Ground One: An error of mixed fact and law in that the Member failed to find that the evidence did not establish that the respondent received an injury, as contemplated by s 4 of the 1987 Act, and that his employment with the appellant was not a substantial contributing factor to that injury, as contemplated by s 9A of the 1987 Act

  1. The appellant asserts that there was insufficient evidence before the Member for the Member to determine that the respondent suffered an injury pursuant to s 4 of the 1987 Act and that the respondent’s employment was a substantial contributing factor to the injury.

  2. The case presented by the respondent was that he suffered a psychological injury, which was a disease injury pursuant to s 4(b)(i) of the 1987 Act, that was deemed to have occurred on 3 April 2020.[61] In accordance with s 4(b)(i), the respondent was required to satisfy the test of whether his employment was the main contributing factor to the injury, which is a stricter test than that of a substantial contributing factor.

    [61] ARD, p 8, “Injury Details”.

  3. The appellant refers to the matters placed in issue that:

    (a)    the events complained of by the respondent were not real events;

    (b)    the respondent’s credit was seriously in issue;

    (c)    the respondent’s medical evidence was not produced in a “fair climate”, and

    (d)    the respondent’s evidence was not corroborated.

  4. In addressing the question of whether the events complained of by the respondent were actual events, the Member firstly referred to the various authorities providing guidance in respect of what is sufficient to establish that a psychological injury occurred, in circumstances where the respondent perceived that the events were hostile. He correctly observed that the authorities permitted a finding that an injury occurred where the worker perceives those real events to be hostile. The Member did not accept that the alleged assault on 3 April 2020 occurred but considered that that finding was not, of itself, determinative of the case.

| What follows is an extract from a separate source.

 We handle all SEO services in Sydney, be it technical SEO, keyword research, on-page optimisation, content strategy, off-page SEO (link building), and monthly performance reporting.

  5. The Member referred to the respondent’s complaints that:

    (a)    he felt ridiculed and humiliated by the criticisms made by Mr Varnam, Mr Innes and other co-workers in relation to his precautions against COVID-19;

    (b)    he felt threatened by Mr Innes in an incident in December 2019;

    (c)    he was subjected to racist and sexist comments;

    (d)    profanity was common, and

    (e)    the incident on 3 April 2020 was “the last straw.”

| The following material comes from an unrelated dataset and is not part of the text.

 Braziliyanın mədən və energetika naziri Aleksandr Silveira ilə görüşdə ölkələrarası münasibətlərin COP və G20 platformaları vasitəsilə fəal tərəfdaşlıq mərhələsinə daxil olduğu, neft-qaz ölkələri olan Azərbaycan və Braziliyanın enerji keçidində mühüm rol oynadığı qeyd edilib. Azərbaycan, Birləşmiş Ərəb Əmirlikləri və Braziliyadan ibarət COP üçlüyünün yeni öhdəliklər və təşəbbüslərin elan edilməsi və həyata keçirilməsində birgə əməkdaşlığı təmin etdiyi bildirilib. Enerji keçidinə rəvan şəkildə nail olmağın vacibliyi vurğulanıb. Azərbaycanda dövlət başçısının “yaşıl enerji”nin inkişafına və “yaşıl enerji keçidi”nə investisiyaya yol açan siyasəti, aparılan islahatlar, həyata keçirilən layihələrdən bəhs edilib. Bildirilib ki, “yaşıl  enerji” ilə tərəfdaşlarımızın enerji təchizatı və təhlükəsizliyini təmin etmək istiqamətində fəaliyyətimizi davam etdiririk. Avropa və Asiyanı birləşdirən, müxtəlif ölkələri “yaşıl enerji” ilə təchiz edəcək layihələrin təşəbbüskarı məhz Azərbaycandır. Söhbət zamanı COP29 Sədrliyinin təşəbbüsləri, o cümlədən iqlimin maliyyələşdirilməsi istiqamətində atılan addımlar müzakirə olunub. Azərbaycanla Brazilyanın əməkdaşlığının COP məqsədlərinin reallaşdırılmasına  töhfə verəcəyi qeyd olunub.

  6. The Member proceeded to analyse the factual evidence recorded in the various statements provided by the appellant. The analysis is summarised by me at [104] to [106] and [111] above. He determined that that evidence supported the respondent’s assertion that various incidents did in fact occur in the workplace and that there existed some tension and conflict in the workplace. He provided an extensive evaluation of that factual evidence in support of his conclusion. The conclusion reached by the Member in respect of that factual evidence was open to the Member on that objective evaluation of the evidence.

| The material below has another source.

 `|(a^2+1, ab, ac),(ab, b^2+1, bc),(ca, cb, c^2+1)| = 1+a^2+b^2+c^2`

  7. The Member turned to the medical evidence. The Member noted that Mr Brown’s opinion was consistent with that of Dr Takyar. The Member observed that in relation to the question of causation, Dr Takyar recorded that the respondent had experienced difficulties with his co-workers and manager, felt that he was being “pushed out” of the job, and was exposed to inappropriate racial and sexual comments in the workplace that were tolerated by the appellant. The Member referred to Mr Brown’s opinion on causation, which included what the Member described as having referred to:

    “the incident on 3 April 2020 when the [respondent] was told by a manager that he could not take photographs and then the alleged assault by Mr Innes together with other issues, including a culture of bullying, aggressive management styles, feeling targeted in his role as an HSR committee member and unsafe practices relating to COVID 19.”[62]

    [62] Reasons, [31].

  8. The Member further analysed the histories recorded and the opinions expressed by Dr Singh and Dr George.

  9. It is relevant that the evidence before the Member included the clinical notes of the respondent’s general practitioner, Dr Li, which disclosed that the respondent attended Dr Li on 14 April 2020 and Dr Li recorded an extensive history of workplace difficulties largely consistent with the case presented by the respondent in these proceedings. That history is reproduced above at [65]. It must also be noted that the Member correctly found corroboration from the appellant’s own witnesses that many of the events did actually occur, however they were perceived by the various witnesses.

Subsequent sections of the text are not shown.